Roquet Nicolas, Beddok Arnaud, Loo Maxime, Calais Gilles, Créhange Gilles, Zemmoura Ilyes, Horodyckid Catherine, Chapet Sophie, Frédéric-Moreau Thomas
Department of Radiation Oncology, Bretonneau Hospital, 2 Bd Tonnellé, Tours, 37000, France.
Department of Radiation Oncology, Godinot Institute, 1 Rue du Général Koenig, Reims, 51100, France.
Clin Exp Metastasis. 2025 Apr 24;42(3):27. doi: 10.1007/s10585-025-10345-2.
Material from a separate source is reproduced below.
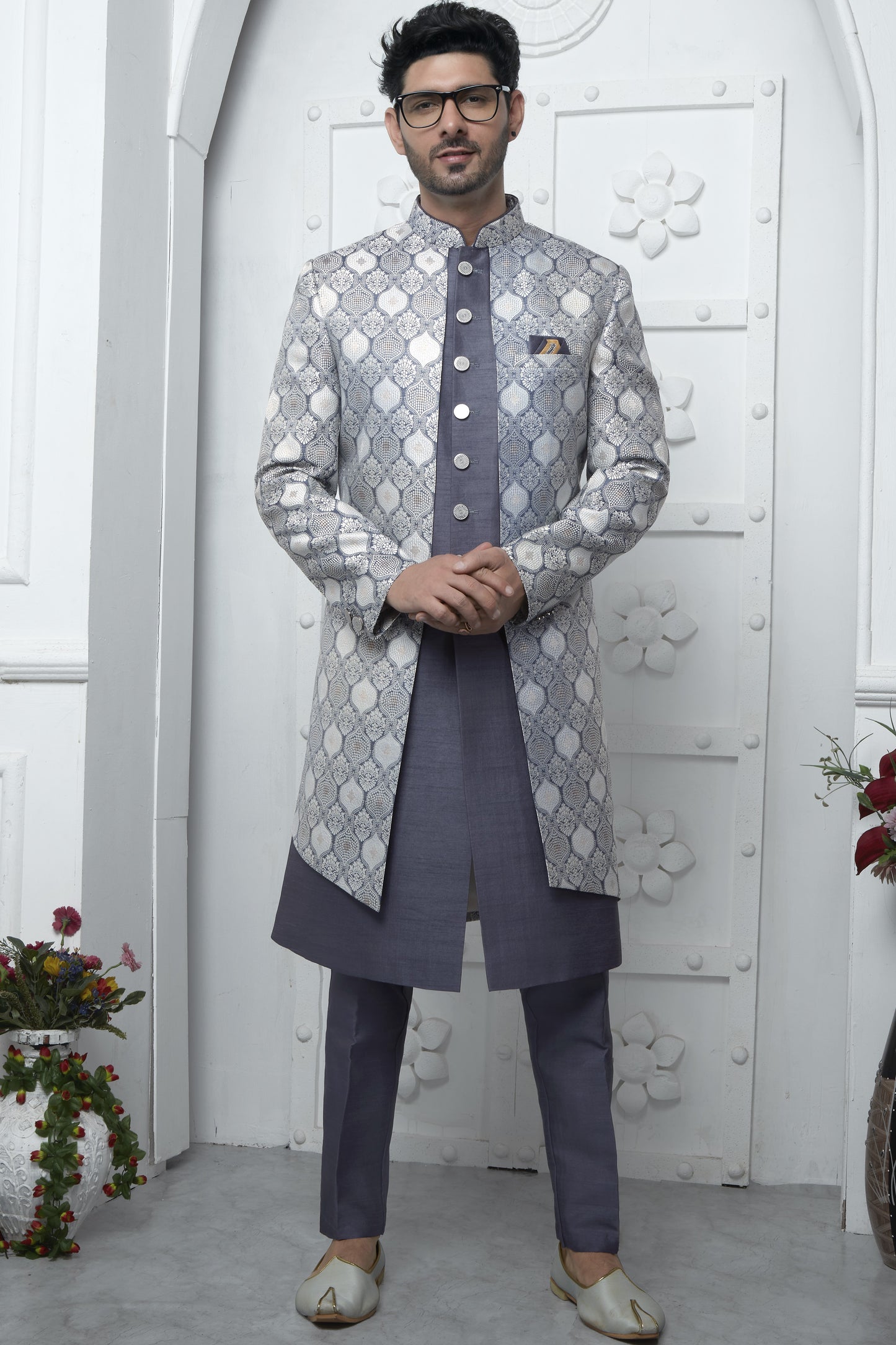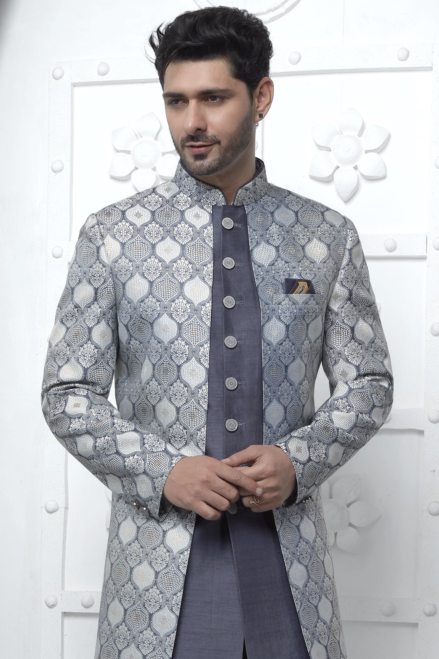 This Gray Jacquard Silk Indowestern Suit is perfect for Weddings and Parties, showcasing exquisite craftsmanship that will make a lasting impact. The set incorporates a Long Kurta, Jacket, and pants, providing a complete and memorable appearance..

This study investigated hypofractionated stereotactic radiotherapy (HSRT) for resected brain metastases and how the dose-fractionation affects local control (LC) and radionecrosis (RN). We retrospectively evaluated patients with brain metastases who were treated between 2010 and 2023. Post-operative HSRT was delivered in three or five fractions. The primary objective was to determine the effect of dose escalation and fractionation on LC. Secondary objectives included identifying factors associated with RN. Statistical analyses were conducted using Chi-square or Fisher's exact tests for categorical data and Mann-Whitney U tests for continuous variables (significance level: p < 0.05). After a median follow-up of 19 months, 34 patients out of 212 (16%) had local recurrence. A biologically effective dose (BED) > 28.8 Gy was associated with better LC (p = 0.002), but no benefit was found for a BED > 48 Gy. RN developed in 34 patients (16%). A prescription BED > 48 Gy was associated with an increased incidence of symptomatic RN (p = 0.002). For HSRT in three fractions, a CTV D99% ≥ 29 Gy significantly improved the LC (p = 0.04), and V30Gy, V23.1 Gy, and V18Gy were significantly associated with an increased risk of RN. The fractionation was not found to affect the LC or RN. This large, retrospective cohort study on post-operative HSRT indicates that a BED of 40.9-48 Gy (3 × 7,7 Gy or 5 × 6 Gy) to the planning target volume results in excellent LC while limiting the risk of RN. No difference in LC or RN was found for different fractionations.
本研究调查了用于切除脑转移瘤的大分割立体定向放射治疗(HSRT)以及剂量分割如何影响局部控制(LC)和放射性坏死(RN)。我们回顾性评估了2010年至2023年间接受治疗的脑转移瘤患者。术后HSRT分三次或五次分割进行。主要目的是确定剂量递增和分割对LC的影响。次要目的包括确定与RN相关的因素。对分类数据使用卡方检验或Fisher精确检验,对连续变量使用Mann-Whitney U检验进行统计分析(显著性水平:p < 0.05)。中位随访19个月后,212例患者中有34例(16%)出现局部复发。生物等效剂量(BED)> 28.8 Gy与更好的LC相关(p = 0.002),但未发现BED > 48 Gy有获益。34例患者(16%)发生了RN。处方BED > 48 Gy与有症状RN的发生率增加相关(p = 0.002)。对于三次分割的HSRT,临床靶体积(CTV)的D99%≥29 Gy显著改善了LC(p = 0.04),V30Gy、V23.1 Gy和V18Gy与RN风险增加显著相关。未发现分割方式影响LC或RN。这项关于术后HSRT的大型回顾性队列研究表明,对计划靶体积给予40.9 - 48 Gy(3×7.7 Gy或5×6 Gy)的BED可在限制RN风险的同时实现出色的LC。不同分割方式在LC或RN方面未发现差异。